Exercise directions = Give back the full listing exactly, setting the pictures aside.

Source material =
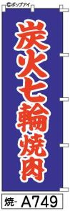 商品名:のぼり【炭火七輪焼肉】紺に赤の筆文字[焼A749](商標登録番号6807113)
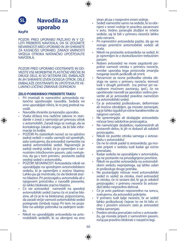 Stran ali pa v nasprotni smeri voänje. Sedez namestite samo na sedee, ki so obr- njeni v smeri voänje in pravilno zavarovani V avtu. Vedno zavaruite zloäljvi in vrteée sedeze, saj bi bili v primeru nesreée lahko zelo nevarni. Pri namestitvi avtosedeZa pazite, da ga ne ovirajo premiéni avtomobilski sedeäi ali vrata. Nikoli na postavite avtosedeZa na sede, ki je opremijen le z dvotoëkounim trebuënim pasom. Noben avtosedez ne more zagotoviti po- polne vamosti otroka v primeru nesreée, vendar uporaba tega proizvoda zmanjsa tveganje resnih poskodb ali smrti. Nevarnost za resne poëkodbe otroka ob- staja ne samo v primeru nesrece, temveé tudi v drugih primerih {na primer pri ne- nadnem moënem zaviranju, ipd), ée ne upoëtevate navodil za uporabo: vedno pre- verite ali je avtosedez pravilno nameséen na avtomobilski sedez. Ce je avtosedez poëkodovan, deformiran ali moëno obrabljen, ga morate zamenjati, saj je lahko izgubil prvotne karakteristike za njegovo vamost. Ne spreminjajte ali dodajajte avtosedezu niéesar brez odobritve proizvajalca Ne name$éajte dodatkov, nadomestnih ali sestavnih delov, ki jh ni dobavi ali odobril proivalec
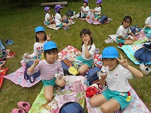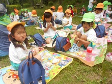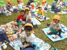 お弁当は、おにぎりお弁当。いっぱい山を散策した子どもたちは、お母さんのおいしいおにぎりをほおばっていました。
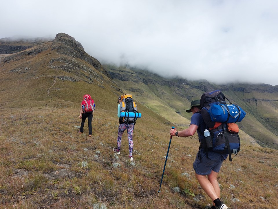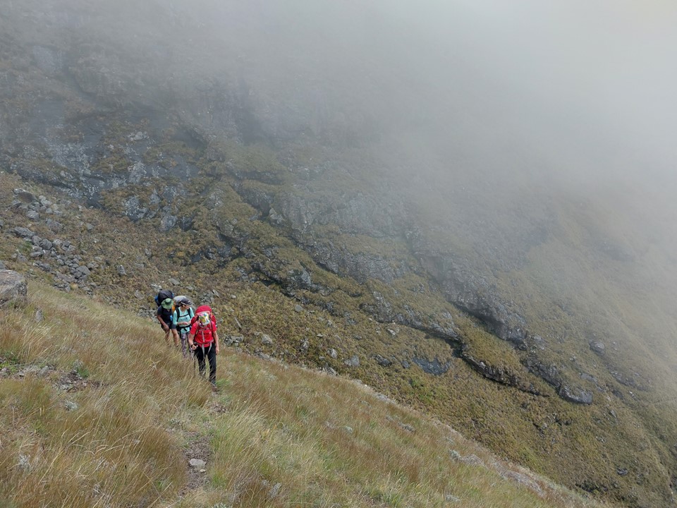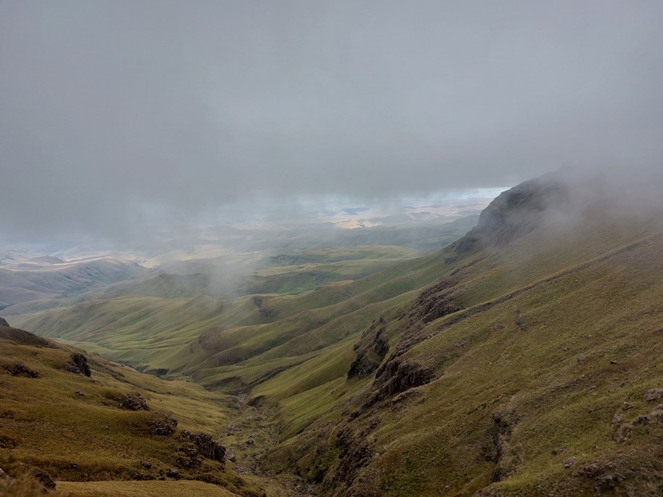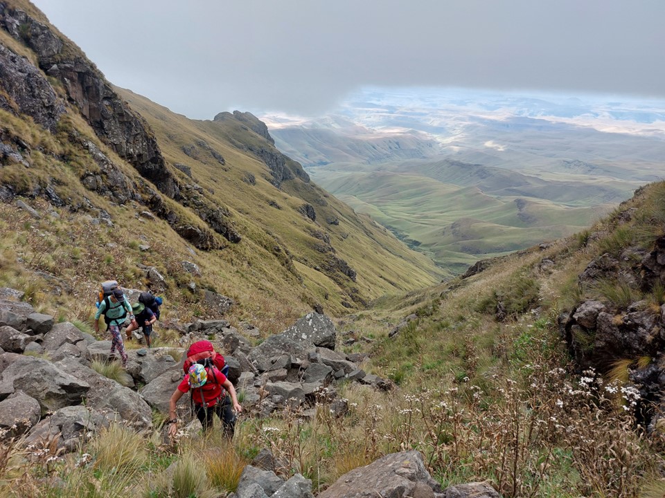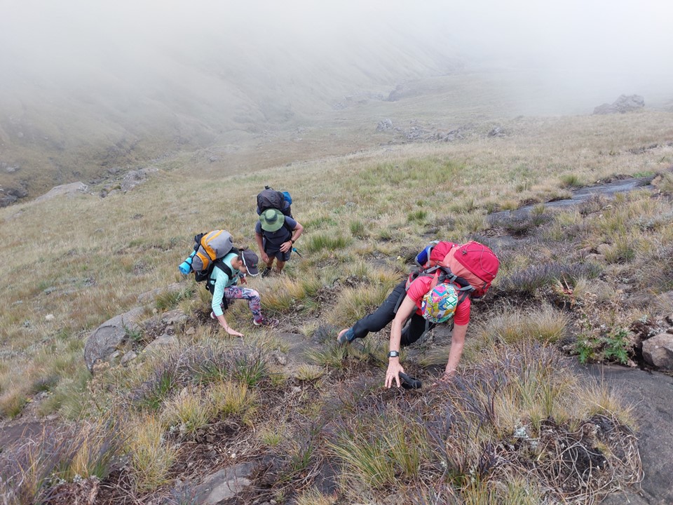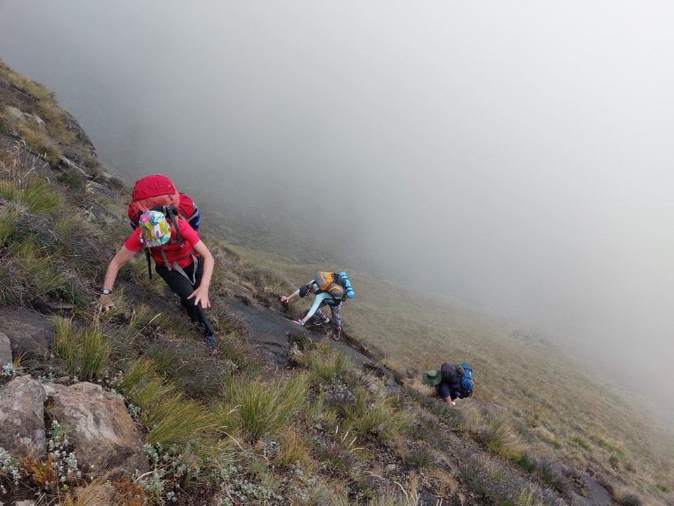 We topped out on the escarpment in the mist. We made our way to the river and stopped for an afternoon lunch break. The pass had taken longer than I expected, but the group was strong and everyone seemed ready for the final slog up the Mafadi Ridge to Upper Injisuthi Cave.

Answer =
 商品名:のぼり【炭火七輪焼肉】紺に赤の筆文字[焼A749](商標登録番号6807113)
 Stran ali pa v nasprotni smeri voänje. Sedez namestite samo na sedee, ki so obr- njeni v smeri voänje in pravilno zavarovani V avtu. Vedno zavaruite zloäljvi in vrteée sedeze, saj bi bili v primeru nesreée lahko zelo nevarni. Pri namestitvi avtosedeZa pazite, da ga ne ovirajo premiéni avtomobilski sedeäi ali vrata. Nikoli na postavite avtosedeZa na sede, ki je opremijen le z dvotoëkounim trebuënim pasom. Noben avtosedez ne more zagotoviti po- polne vamosti otroka v primeru nesreée, vendar uporaba tega proizvoda zmanjsa tveganje resnih poskodb ali smrti. Nevarnost za resne poëkodbe otroka ob- staja ne samo v primeru nesrece, temveé tudi v drugih primerih {na primer pri ne- nadnem moënem zaviranju, ipd), ée ne upoëtevate navodil za uporabo: vedno pre- verite ali je avtosedez pravilno nameséen na avtomobilski sedez. Ce je avtosedez poëkodovan, deformiran ali moëno obrabljen, ga morate zamenjati, saj je lahko izgubil prvotne karakteristike za njegovo vamost. Ne spreminjajte ali dodajajte avtosedezu niéesar brez odobritve proizvajalca Ne name$éajte dodatkov, nadomestnih ali sestavnih delov, ki jh ni dobavi ali odobril proivalec
 お弁当は、おにぎりお弁当。いっぱい山を散策した子どもたちは、お母さんのおいしいおにぎりをほおばっていました。
 We topped out on the escarpment in the mist. We made our way to the river and stopped for an afternoon lunch break. The pass had taken longer than I expected, but the group was strong and everyone seemed ready for the final slog up the Mafadi Ridge to Upper Injisuthi Cave.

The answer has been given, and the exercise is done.